We do not here elaborate our proposals in detail, for we are not putting forward draft Rules, but only a general programme of struggle for Party unity. We shall therefore only briefly indicate certain specific amendments to the Rules which are in our opinion desirable, without in any way binding ourselves as regards subsequent elaboration of the Rules, in the light of further experience. For example, it is necessary to reform the Party Council, as an institution which, in its present form, has proved in practice to be unfit for its function of co-ordinating and exercising supreme supervision over the activities of the central bodies. It should be made a body entirely elected by the Congress, instead of being a court where the Congress-elected fifth   member sits as arbiter over the central bodies, which defend themselves through their delegates. Further, Paragraph I of the Rules should be revised, in line with the criticisms voiced in the Party, to define the Party’s boundaries more precisely, etc.

In putting forward this programme of struggle for Party unity, we invite the representatives of all other shades and all Party organisations to make a clear statement of their own programmes, so as to permit of serious and systematic, conscious and methodical preparation for a congress. An issue involving the very life, the honour and dignity of the Party is at stake: is it an ideological and material force capable of sufficient rational self-organisation to act as the real leader of our country’s revolutionary working- class movement? By all their actions, the 6migr6 minority answer: No! And they continue to act in this way with confident assurance, banking on the remoteness of Russia, the frequent changes of workers there, and the indispensability of their own leaders and literary forces. Our Party is coming into being! —we answer, seeing the growing political understanding of the advanced workers, the vigorous activity of the committees in general Party life. Our Party is coming into being, we have ever more numerous young forces capable of replacing or reinvigorating old literary bodies which forfeit the Party’s confidence; we have ever more revolutionaries who prize the consistent Party trend above any circle of former leaders. Our Party is coming into being, and no subterfuges or delays can hold back its decided and final verdict.

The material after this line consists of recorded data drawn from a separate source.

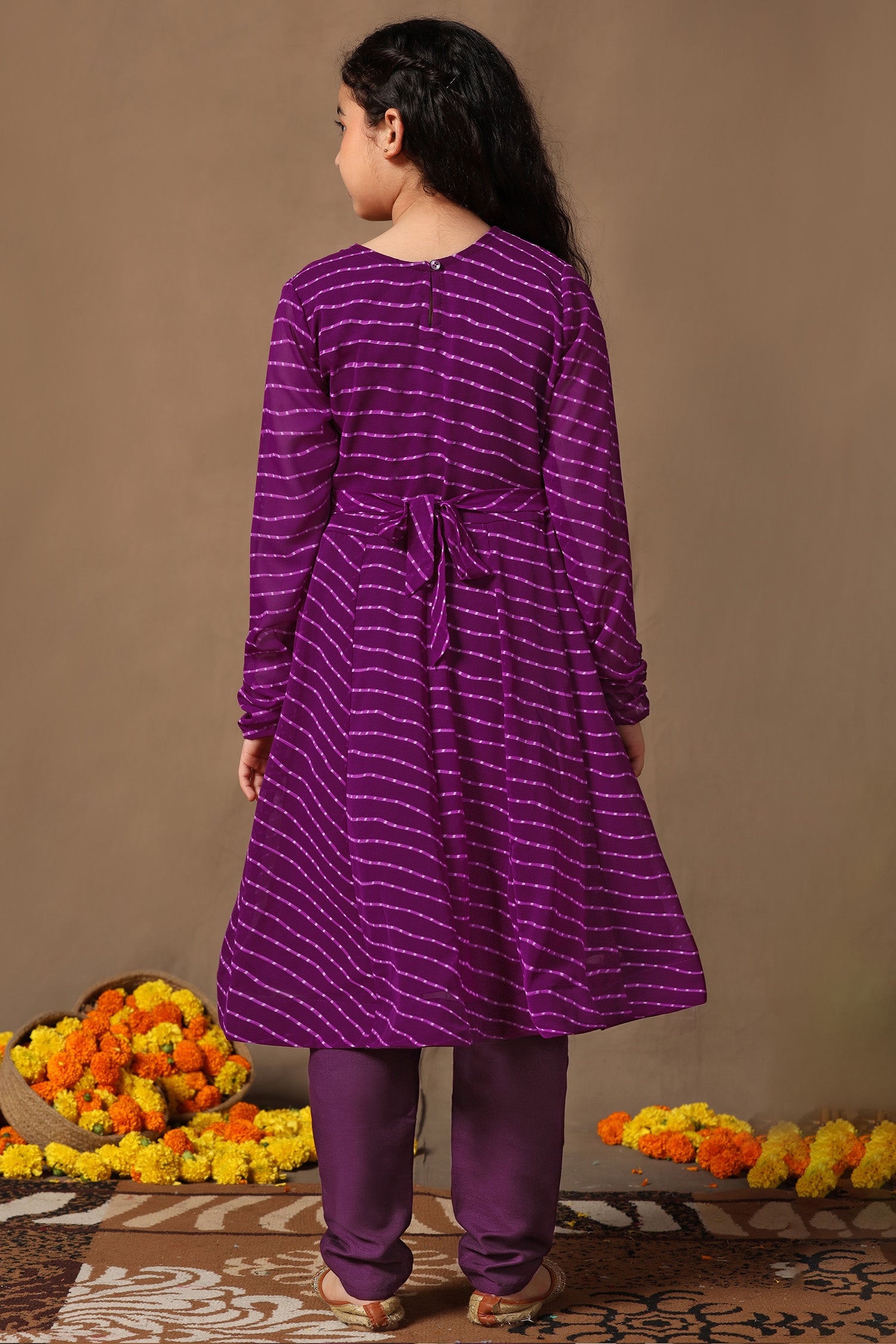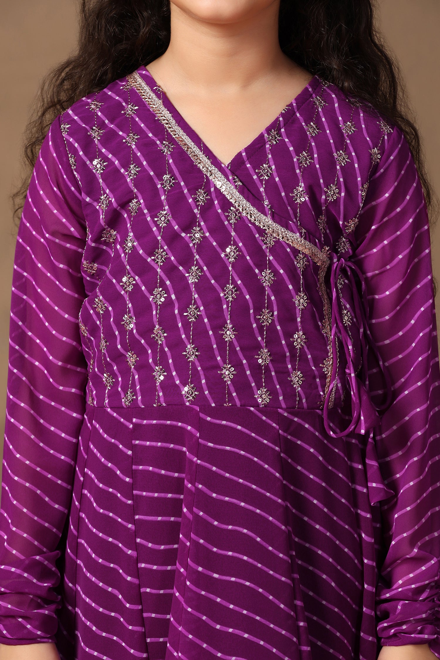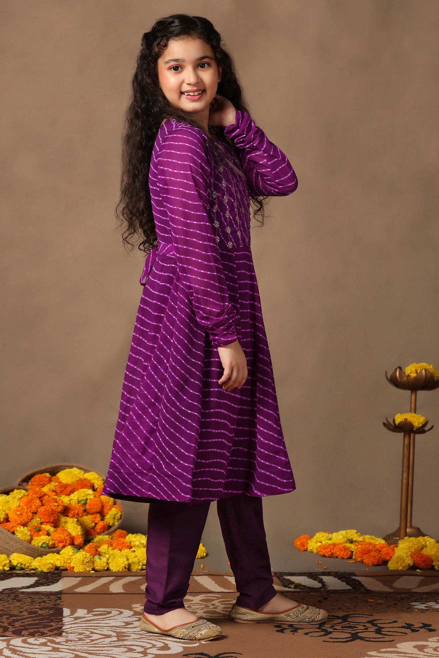 Refresh your darling girl's wardrobe with this Purple color salwar suit set from Fashion Dream. This ethnic set completes your girl’s look for your special occasions. This georgette angarakha kurta set exudes cultural charm and sophistication, perfect for special occasions. Soft fabric and embroidery work add a touch of elegance, while flare silhouette and v-neckline create a statement look, long sleeves provide a classic finish, matching pants complete the look. The design adds a touch of cultural flair and sophistication, making it a perfect choice for festive occasions Pair with subtle jewellery for a beautiful look that's perfect for festivals or family gatherings. "Note: The accessories and props used in these photoshoots are for aesthetic purposes only and may not be included in the final product or service."
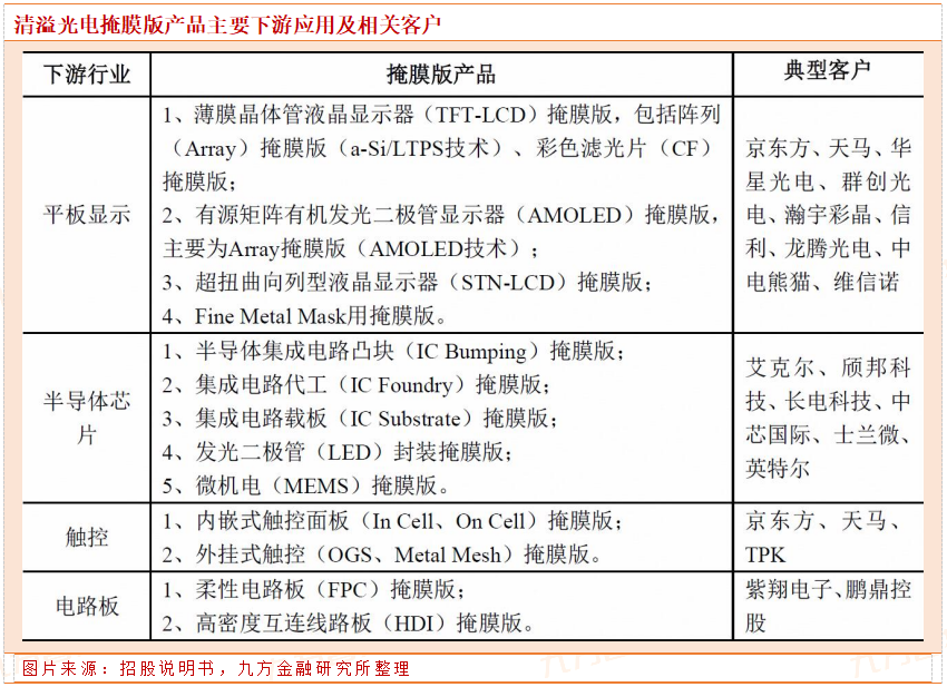 公司平板显示行业用掩膜版包括薄膜晶体管液晶显示器(TFT-LCD)掩膜版含阵列(Array)掩膜版(a-Si/LTPS技术)及彩色滤光片(CF)掩膜版、有源矩阵有机发光二极管显示器(AMOLED)掩膜版、超扭曲向列型液晶显示器(STN-LCD)掩膜版和FineMetalMask用掩膜版、MicroLED显示用掩膜版和硅基半导体显示用掩膜版等。服务的典型客户包括京东方、惠科、天马、华星光电、群创光电、瀚宇彩晶、信利、龙腾光电、维信诺等客户。
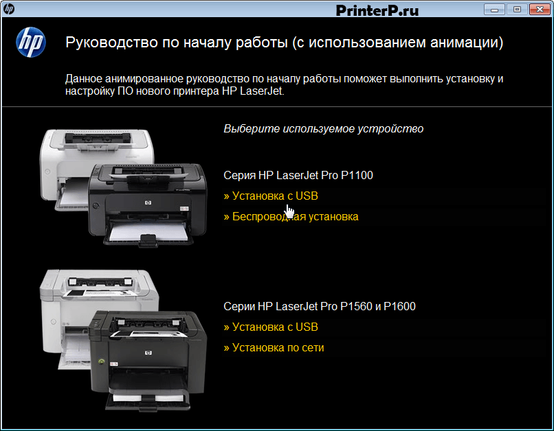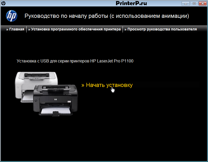 Начальное окно мастера установки принтера hp laserjet p1102

From these forces in our Party we derive our certainty of victory.

Comrades, reprint and distribute this appeal!


[1] This conference of twenty-two Bolsheviks, under Lenin’s leadership, was held in Switzerland in August (New Style) 1904. Nineteen persons actually attended, and three others subscribed to its decisions. The present appeal “To the Party”, adopted by the conference, became the Bolsheviks’ programme of struggle for the convening of the Third Party Congress.